A total of 40% of board appointments are made without any formal process, and more than half go to candidates already known to the organisation. This is despite almost two-thirds of boards prioritising widening the skill sets of board members, according to the Harvey Nash Board Report 2016/17 in association with London Business School’s Leadership Institute.
The research, representing the views of more than 650 non-executive directors from Asia Pacific, UK and the Nordics, also finds that just over a quarter (26%) of respondents have never undergone an external board evaluation. In Asia, that number rises to 45%.
Diversity and inclusion is a far thought at this rate, with only 29% of respondents creating succession plans focused on populating the board talent pipeline with a richer mix of backgrounds and experience.
Key survey findings:
- 63% of boards are actively pursuing more diverse functional expertise
- 48% of boards are actively pursuing gender diversity
- Other areas of diversity actively pursued by boards: International expertise 37% | Age 24% | Ethnicity 23% | Culture 21% | Academic background 14% | Social background 5% | Lesbian, Gay, Bisexual and Transgender 3%
Specifically in Asia Pacific, the diversity of thought and effectiveness of boards is affected by the form of company ownership and the usage of personal networks over external talent pools.

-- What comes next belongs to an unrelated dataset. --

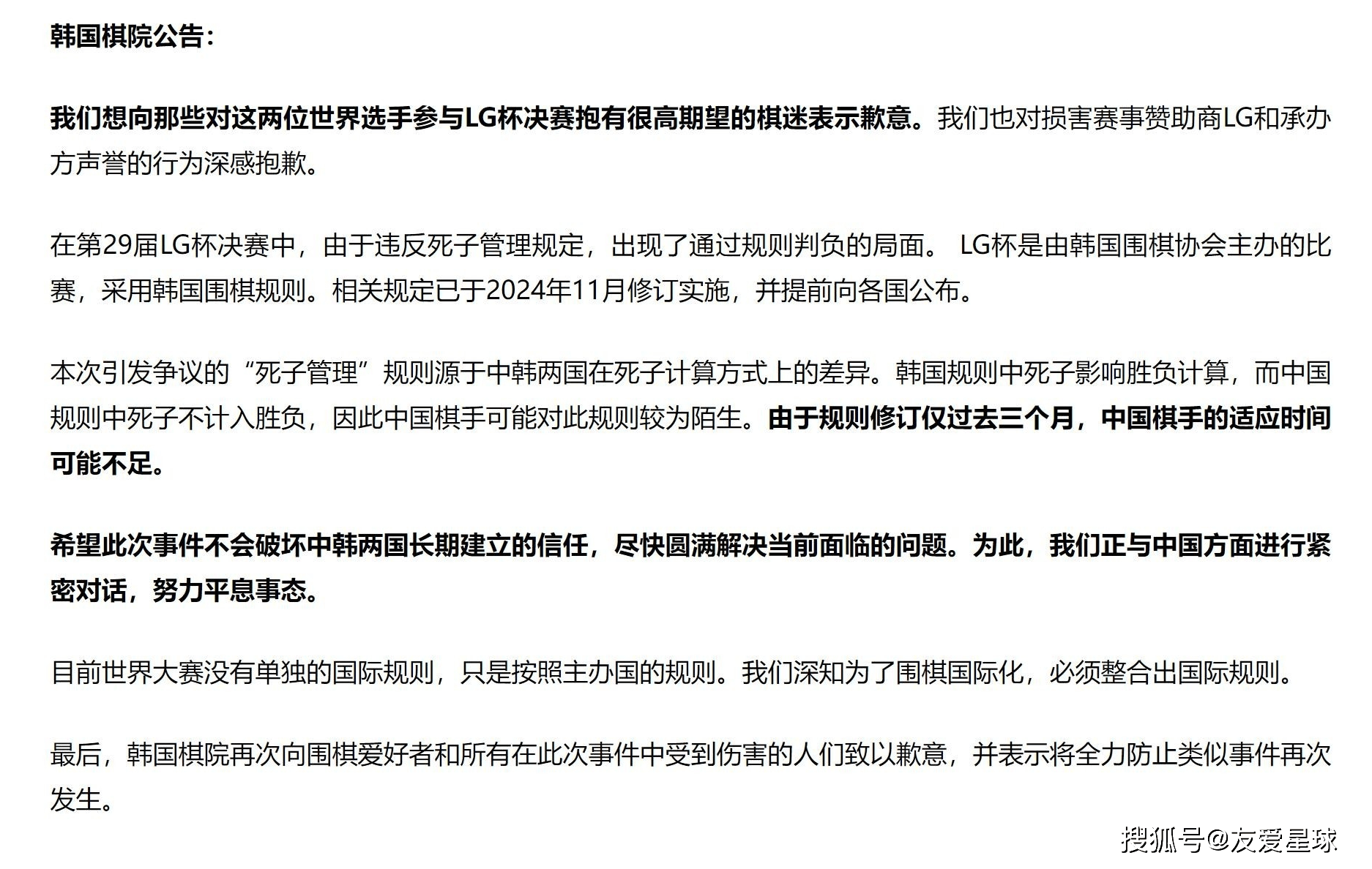 新华社首尔1月28日电(记者陆爱华 朴晋泽)针对有关“死子”管理规定引发第29届LG杯世界围棋棋王战决赛的争议,韩国棋院28日通过官网发布声明,解释了规则问题并就相关争议致歉,表示将尽快与中国和日本棋院讨论,制定符合世界大赛的统一规则。 声明说,在LG杯决赛中,首次发生了因违反“死子”管理规定而决定冠军的事件。LG杯是韩国棋院主办的大赛,适用于韩国围棋规定。相关规定于2024年11月修订施行,事前已向所有外国团体公布。“死子”管理规定源于两国不同的计算方法。在“死子”对计算胜负产生影响的韩国围棋界,这是必要规定,但对于中国围棋界是比较陌生的规定,中国选手的适应时间不足。希望韩国和中国相关方不会因为此次事件失去此前积累的信任。 韩国棋院表示,正在与中方进行紧密对话,并承诺将制定对策,争取圆满解决面临的问题。最后,韩国棋院向围棋粉丝们和因此次事件受到伤害的所有人致歉,表示将竭尽全力防止类似事件再次发生。 中国棋手柯洁在23日的第29届LG杯世界围棋棋王战决赛决胜局中,继22日的第二局比赛被判负后,再因未将提子放进棋盒盖遭韩方判定违规,且裁判中断比赛时机具有争议,柯洁不接受判罚结果,选择放弃比赛,韩方宣布韩国棋手卞相壹获得冠军。

Unlike other regions, APAC respondents were the most likely to be discussing current financial performance and managing shareholder expectations in the boardroom. They were one of the regions least concerned with corporate reputation and brand; ‘mergers and acquisitions’ were also low on the agenda.

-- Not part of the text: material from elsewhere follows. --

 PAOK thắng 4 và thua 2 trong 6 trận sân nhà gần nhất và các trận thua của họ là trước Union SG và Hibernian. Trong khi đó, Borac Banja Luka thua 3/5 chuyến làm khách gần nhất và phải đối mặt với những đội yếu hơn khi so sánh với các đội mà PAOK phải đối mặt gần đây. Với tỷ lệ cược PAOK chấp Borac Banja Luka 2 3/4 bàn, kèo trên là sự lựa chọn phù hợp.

When it comes to the types of diversity that are desirable, the APAC respondents are less likely to seek either gender diversity or functional expertise than their UK or Nordic counterparts. They place a higher weight on diversity through cultural and academic backgrounds.

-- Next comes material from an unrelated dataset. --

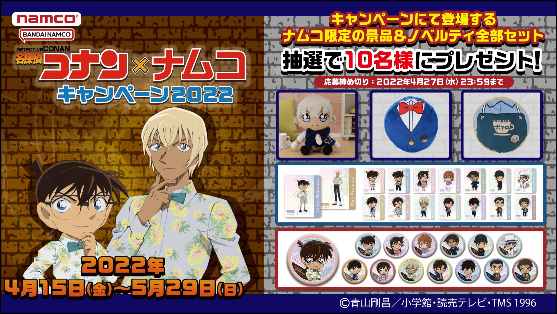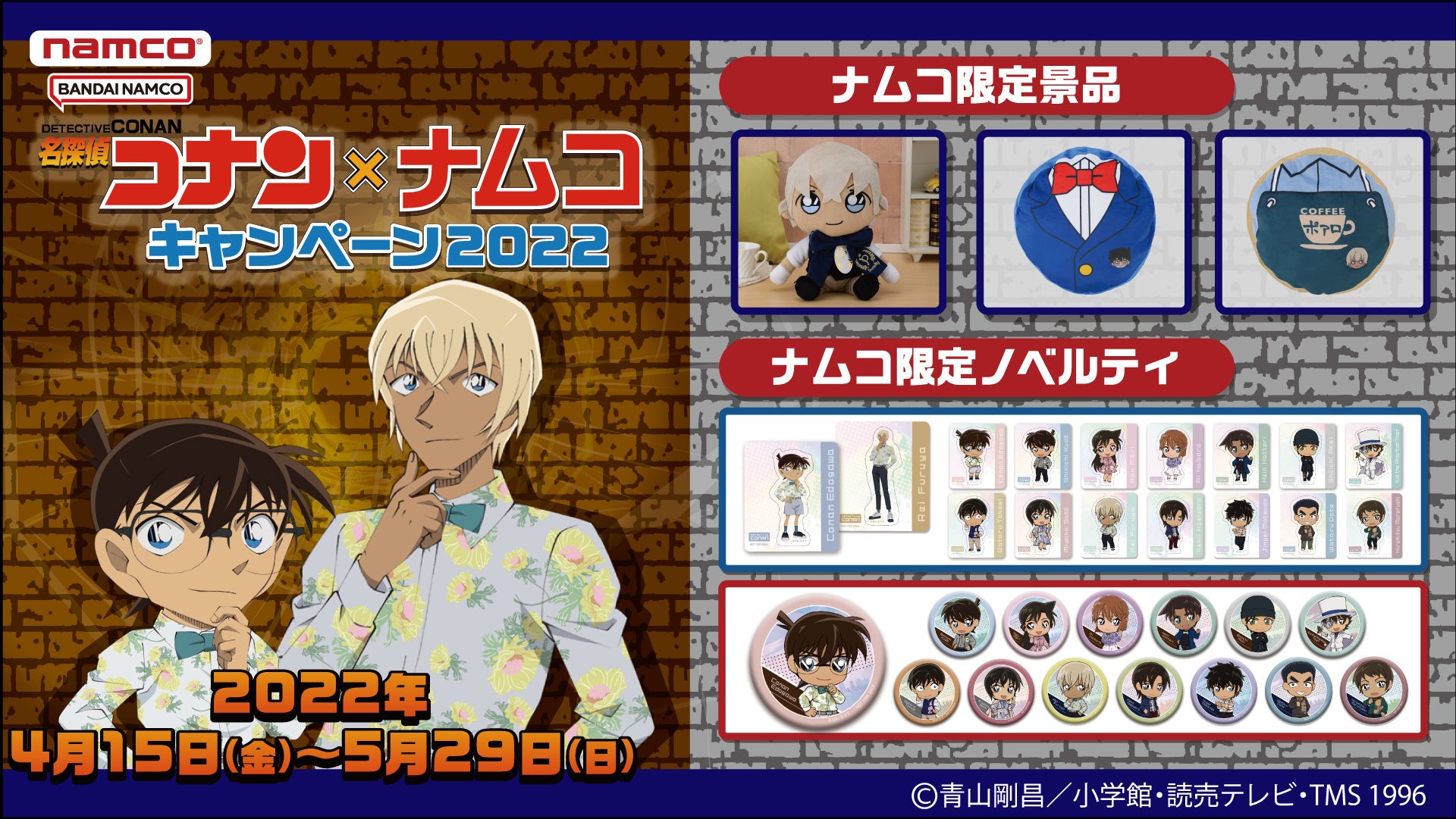 株式会社バンダイナムコアミューズメントは「名探偵コナン×ナムコキャンペーン2022」を、2022年4月15日(金)から5月29日(日)まで、全国約210店舗「namco」直営アミューズメント施設で開催します。

When it comes to measuring the effectiveness of the board, APAC respondents were by far the least likely to have never had a formal board evaluation (46% vs 26% of all regions).
Despite being the region least satisfied with the available talent pool, two-thirds of APAC boards are appointing new non-executives that are already known to the board. Furthermore, they were significantly less likely to use a formal assessment process when appointing these members.